→ **PROBLEM DESCRIPTION**
Look below for the line containing "ごつごつした突起がついた独特" and the line containing "Для монтажа льдогенератора", then set down both and every line between them exactly, without pictures.

→ **DATA UNDER STUDY**
====

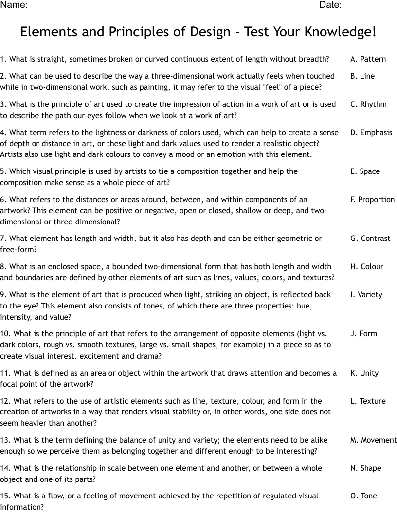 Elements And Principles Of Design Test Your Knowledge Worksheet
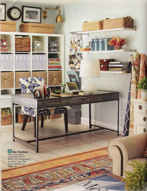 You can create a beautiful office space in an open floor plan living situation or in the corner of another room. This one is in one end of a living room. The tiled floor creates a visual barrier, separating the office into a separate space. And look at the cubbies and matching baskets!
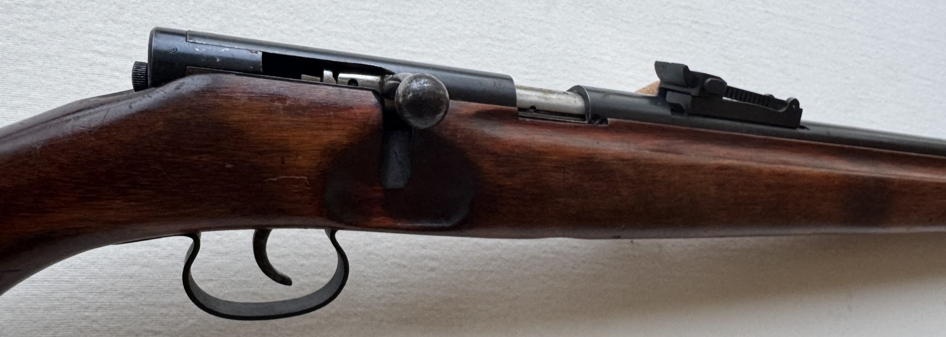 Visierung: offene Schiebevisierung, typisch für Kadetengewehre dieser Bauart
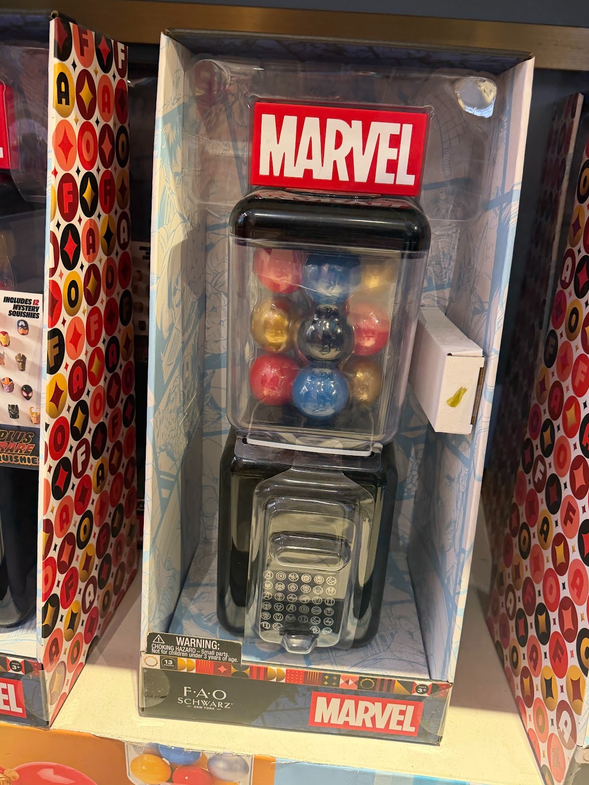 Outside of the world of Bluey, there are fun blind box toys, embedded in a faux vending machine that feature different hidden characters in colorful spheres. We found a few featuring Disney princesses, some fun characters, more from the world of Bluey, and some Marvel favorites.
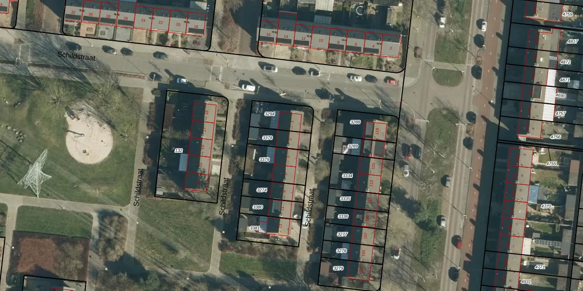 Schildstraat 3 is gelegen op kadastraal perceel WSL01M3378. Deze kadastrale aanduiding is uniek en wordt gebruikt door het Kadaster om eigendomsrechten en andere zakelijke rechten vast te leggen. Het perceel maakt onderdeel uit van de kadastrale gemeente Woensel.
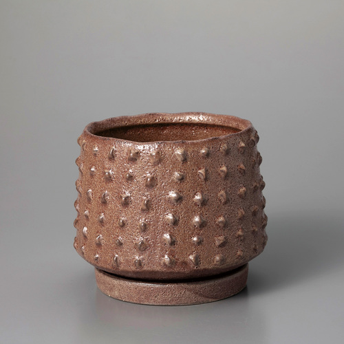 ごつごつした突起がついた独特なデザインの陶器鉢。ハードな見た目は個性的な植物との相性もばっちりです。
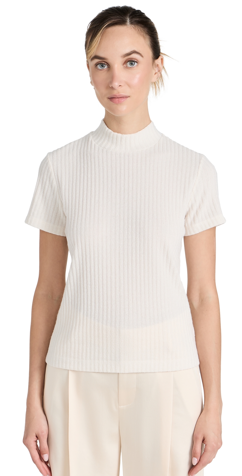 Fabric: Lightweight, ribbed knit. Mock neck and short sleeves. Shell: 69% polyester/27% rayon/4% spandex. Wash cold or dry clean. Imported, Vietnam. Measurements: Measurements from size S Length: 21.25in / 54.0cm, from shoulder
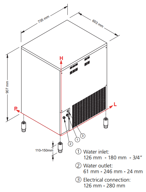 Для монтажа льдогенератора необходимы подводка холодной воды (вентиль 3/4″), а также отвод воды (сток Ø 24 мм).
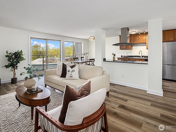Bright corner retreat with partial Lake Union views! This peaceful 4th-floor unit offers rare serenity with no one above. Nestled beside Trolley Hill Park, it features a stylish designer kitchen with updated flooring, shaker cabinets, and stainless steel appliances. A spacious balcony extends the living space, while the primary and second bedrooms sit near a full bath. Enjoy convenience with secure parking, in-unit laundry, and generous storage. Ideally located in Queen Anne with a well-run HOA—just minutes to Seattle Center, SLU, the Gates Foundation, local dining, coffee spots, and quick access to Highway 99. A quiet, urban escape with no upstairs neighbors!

====

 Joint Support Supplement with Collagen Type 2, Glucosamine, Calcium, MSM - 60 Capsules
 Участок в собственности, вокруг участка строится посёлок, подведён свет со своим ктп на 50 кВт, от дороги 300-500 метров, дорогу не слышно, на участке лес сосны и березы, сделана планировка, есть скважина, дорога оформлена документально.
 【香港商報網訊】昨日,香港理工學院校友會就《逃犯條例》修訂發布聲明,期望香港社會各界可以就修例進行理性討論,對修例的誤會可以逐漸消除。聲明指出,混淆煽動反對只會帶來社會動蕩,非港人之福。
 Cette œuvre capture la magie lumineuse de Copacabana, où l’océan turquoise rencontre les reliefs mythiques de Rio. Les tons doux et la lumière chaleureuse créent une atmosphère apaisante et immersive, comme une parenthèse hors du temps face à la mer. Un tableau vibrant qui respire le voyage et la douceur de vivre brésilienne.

====

→ **ANSWER FOR THE TASK**
 ごつごつした突起がついた独特なデザインの陶器鉢。ハードな見た目は個性的な植物との相性もばっちりです。
 Fabric: Lightweight, ribbed knit. Mock neck and short sleeves. Shell: 69% polyester/27% rayon/4% spandex. Wash cold or dry clean. Imported, Vietnam. Measurements: Measurements from size S Length: 21.25in / 54.0cm, from shoulder
 Для монтажа льдогенератора необходимы подводка холодной воды (вентиль 3/4″), а также отвод воды (сток Ø 24 мм).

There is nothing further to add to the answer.